Cette disposition de la 87 selon laquelle le peuple délègue la souveraineté au trois pouvoirs n’est qu’une fiction. Tous nos exécutifs, jouissant de la complicité de nos parlementaires, ont maintenu la dominance de l’Exécutif sur ceux qui traditionnellement, théoriquement et académiquement représentent la volonté générale. Ne sont-ils pas les seuls capables de faire des lois? Les lois ne sont-elles pas l’expression de la volonté générale?

Toute cette introduction pour en venir à une question rhétorique : A qui revient il, devant cette réalité que nous vivons, de proposer et de faire adopter les amendements constitutionnels? Qu’on ne me parle pas des dispositions constitutionnelles, elles n’ont jamais été respectées quand il fut question d’appliquer des dispositions qui limitent le pouvoir du président.  Ce sera une gymnastique purement symbolique et hypocrite que de les faire voter par ces Chambres.  La question est : Accepteriez vous que le président décide des amendements? Il y a t-il vraiment une différence de les faire approuver par l’Assemblée Nationale?

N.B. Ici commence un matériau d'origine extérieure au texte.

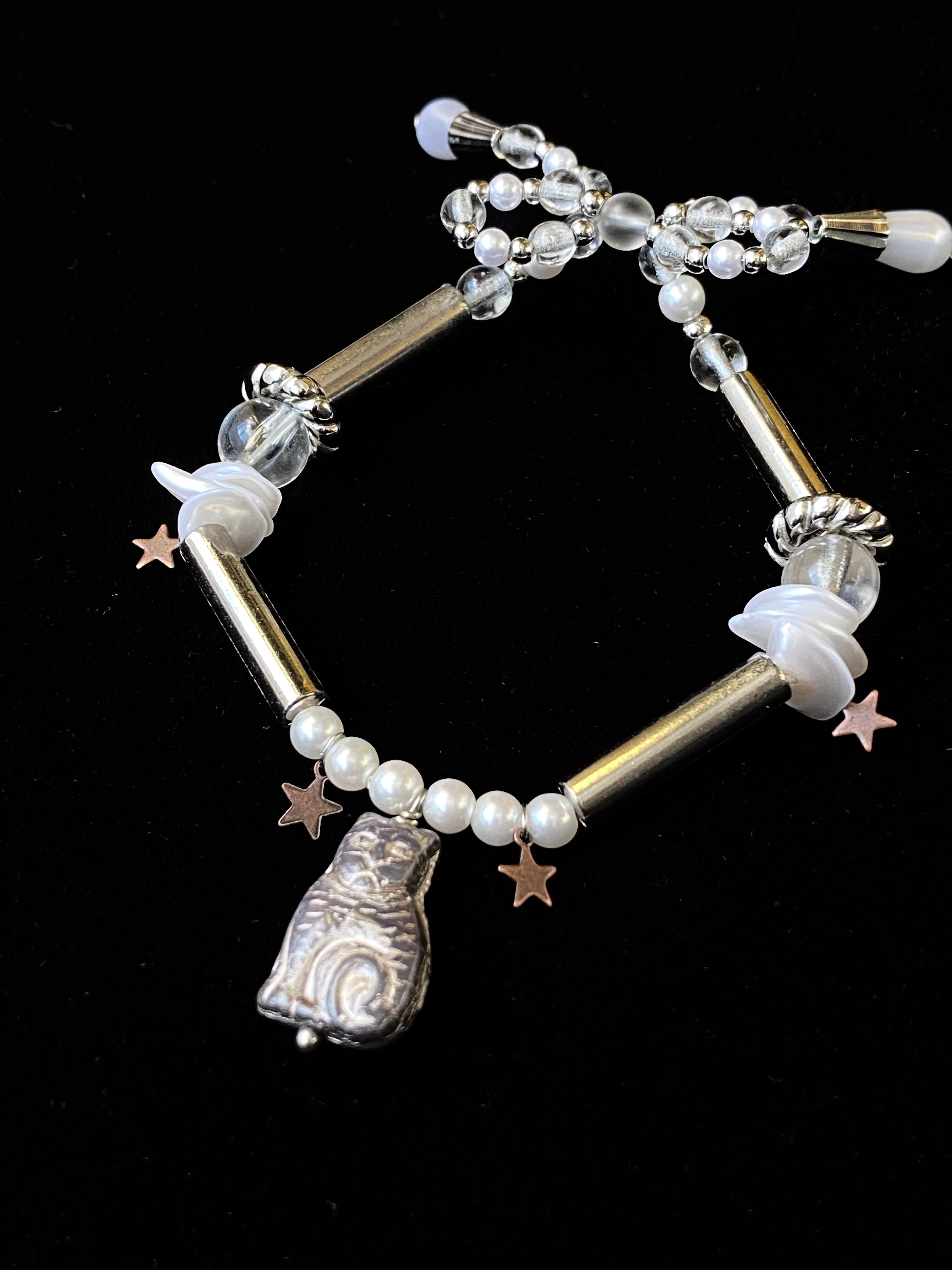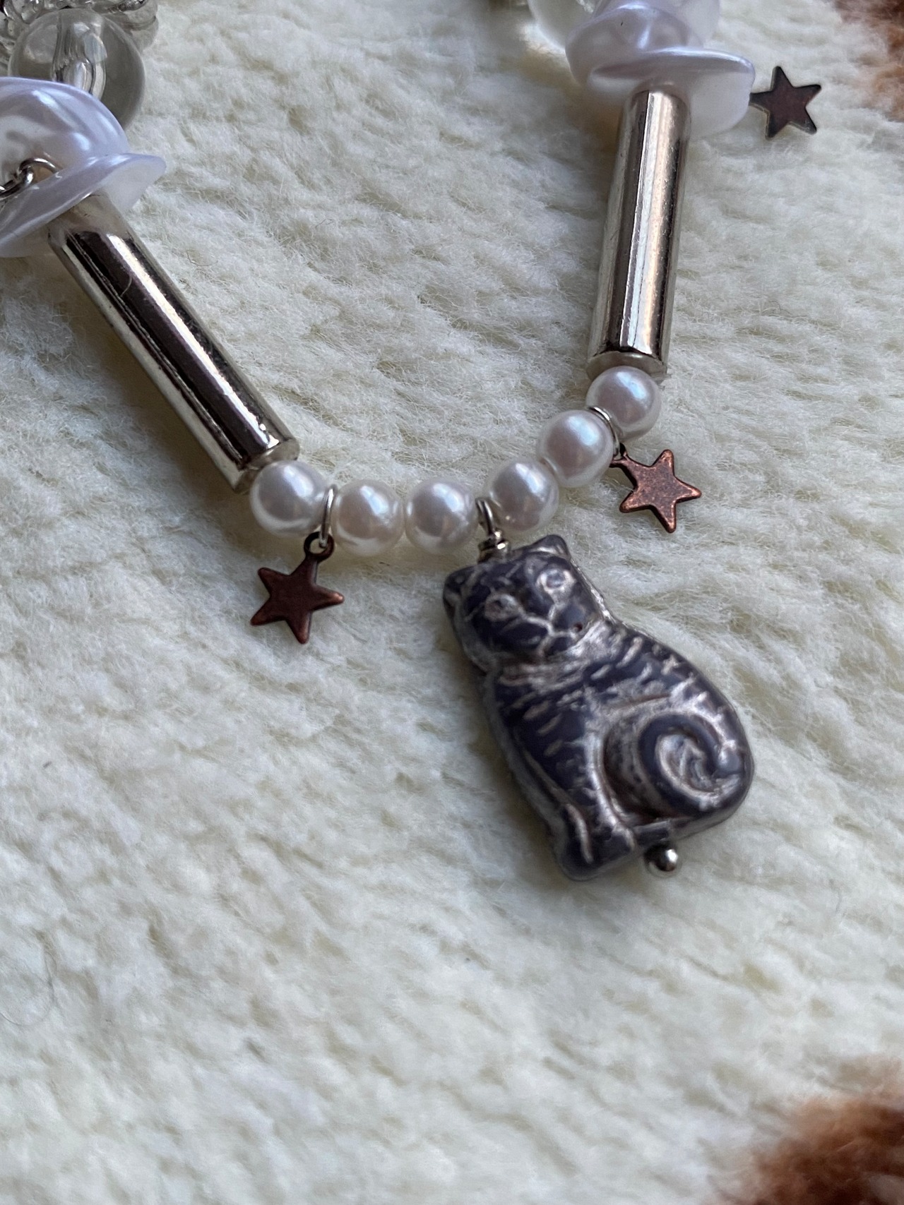 カラー:パールはホワイト、星のチャームはカッパー(銅色)、その他のメタルパーツはロジウムカラー

Les défenseurs du présidentialisme voudraient remplacer le premier ministre par un vice-président. Ils responsabilisent nos échecs de 32 ans à ce seul « déséquilibre (?) ». Ils accusent la coresponsabilité de l’Exécutif d’en être la principale cause. Vraiment, en quoi donc? Vous me direz qu’il suffise d’avoir un vice-président pour que le népotisme, le favoritisme, les abus de pouvoir pratiqués ouvertement par nos présidents disparaissent. Allons donc! En quoi les premiers ministres, dans les faits, ont-ils jamais gêné les actions de nos présidents? Les rares premiers ministres dont les violons ne s’accordaient pas avec les présidents, n’ont-ils pas préféré démissionner ?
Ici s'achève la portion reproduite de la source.